*Available data*

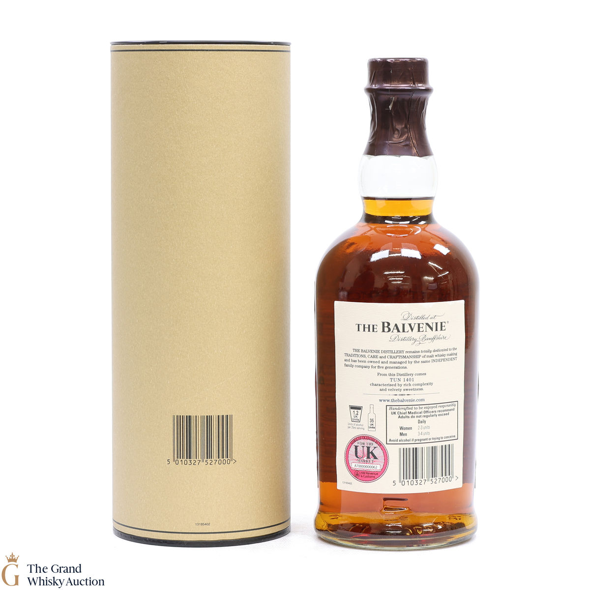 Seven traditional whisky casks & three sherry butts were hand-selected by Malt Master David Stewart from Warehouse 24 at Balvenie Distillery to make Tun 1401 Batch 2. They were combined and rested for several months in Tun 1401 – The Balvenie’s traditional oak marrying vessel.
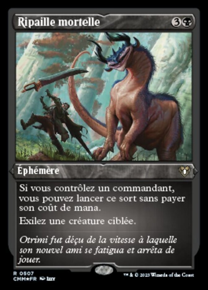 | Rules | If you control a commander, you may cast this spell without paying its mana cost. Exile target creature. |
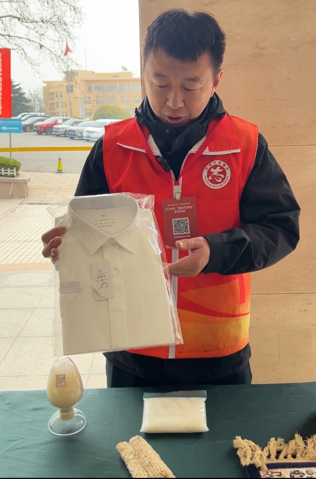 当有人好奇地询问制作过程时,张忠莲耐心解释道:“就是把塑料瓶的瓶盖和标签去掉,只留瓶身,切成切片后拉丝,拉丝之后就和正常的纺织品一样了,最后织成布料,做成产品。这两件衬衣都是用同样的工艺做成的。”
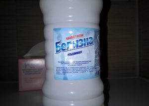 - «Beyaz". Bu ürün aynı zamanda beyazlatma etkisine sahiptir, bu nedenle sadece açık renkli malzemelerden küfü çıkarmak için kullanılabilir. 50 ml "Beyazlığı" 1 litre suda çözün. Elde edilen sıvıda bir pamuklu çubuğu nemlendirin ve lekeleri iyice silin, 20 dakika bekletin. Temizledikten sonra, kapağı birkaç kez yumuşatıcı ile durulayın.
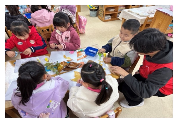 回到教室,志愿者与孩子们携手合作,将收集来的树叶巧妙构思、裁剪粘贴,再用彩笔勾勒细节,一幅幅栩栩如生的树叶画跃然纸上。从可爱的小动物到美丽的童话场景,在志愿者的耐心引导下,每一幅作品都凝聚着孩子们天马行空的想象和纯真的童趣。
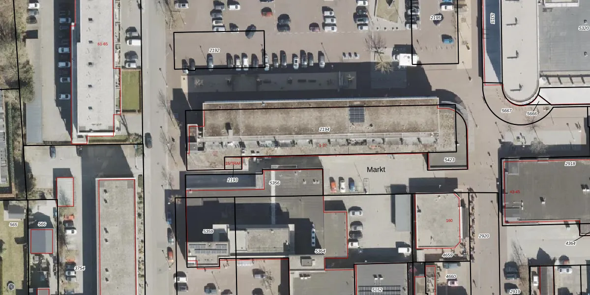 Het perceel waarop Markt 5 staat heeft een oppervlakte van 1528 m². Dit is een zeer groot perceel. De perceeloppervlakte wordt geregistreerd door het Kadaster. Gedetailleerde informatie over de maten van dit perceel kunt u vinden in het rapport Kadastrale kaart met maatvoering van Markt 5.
...
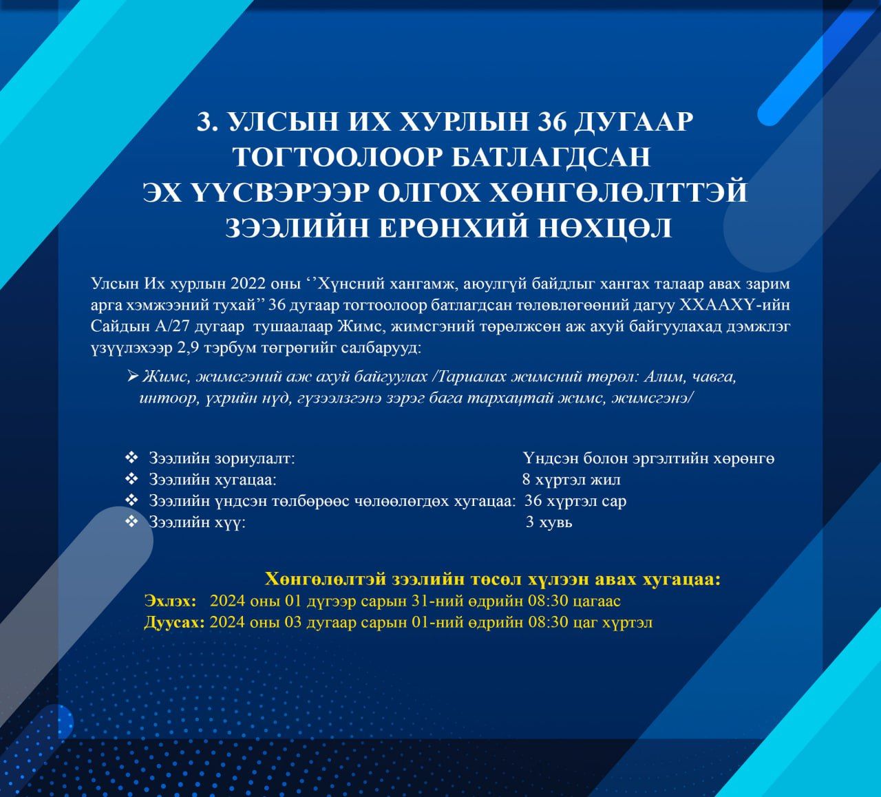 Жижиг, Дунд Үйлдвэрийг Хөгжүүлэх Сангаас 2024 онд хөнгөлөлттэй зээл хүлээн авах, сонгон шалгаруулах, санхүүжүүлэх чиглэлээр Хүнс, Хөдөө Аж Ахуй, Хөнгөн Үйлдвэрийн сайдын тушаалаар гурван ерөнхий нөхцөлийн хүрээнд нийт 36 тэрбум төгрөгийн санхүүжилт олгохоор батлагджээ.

*Task prompt*
Copy exactly the lines of the entries above from the one containing "target creature. |" through the one containing "Het perceel waarop". Both end lines count; pictures do not.

*Response to the exercise*
 | Rules | If you control a commander, you may cast this spell without paying its mana cost. Exile target creature. |
 当有人好奇地询问制作过程时,张忠莲耐心解释道:“就是把塑料瓶的瓶盖和标签去掉,只留瓶身,切成切片后拉丝,拉丝之后就和正常的纺织品一样了,最后织成布料,做成产品。这两件衬衣都是用同样的工艺做成的。”
 - «Beyaz". Bu ürün aynı zamanda beyazlatma etkisine sahiptir, bu nedenle sadece açık renkli malzemelerden küfü çıkarmak için kullanılabilir. 50 ml "Beyazlığı" 1 litre suda çözün. Elde edilen sıvıda bir pamuklu çubuğu nemlendirin ve lekeleri iyice silin, 20 dakika bekletin. Temizledikten sonra, kapağı birkaç kez yumuşatıcı ile durulayın.
 回到教室,志愿者与孩子们携手合作,将收集来的树叶巧妙构思、裁剪粘贴,再用彩笔勾勒细节,一幅幅栩栩如生的树叶画跃然纸上。从可爱的小动物到美丽的童话场景,在志愿者的耐心引导下,每一幅作品都凝聚着孩子们天马行空的想象和纯真的童趣。
 Het perceel waarop Markt 5 staat heeft een oppervlakte van 1528 m². Dit is een zeer groot perceel. De perceeloppervlakte wordt geregistreerd door het Kadaster. Gedetailleerde informatie over de maten van dit perceel kunt u vinden in het rapport Kadastrale kaart met maatvoering van Markt 5.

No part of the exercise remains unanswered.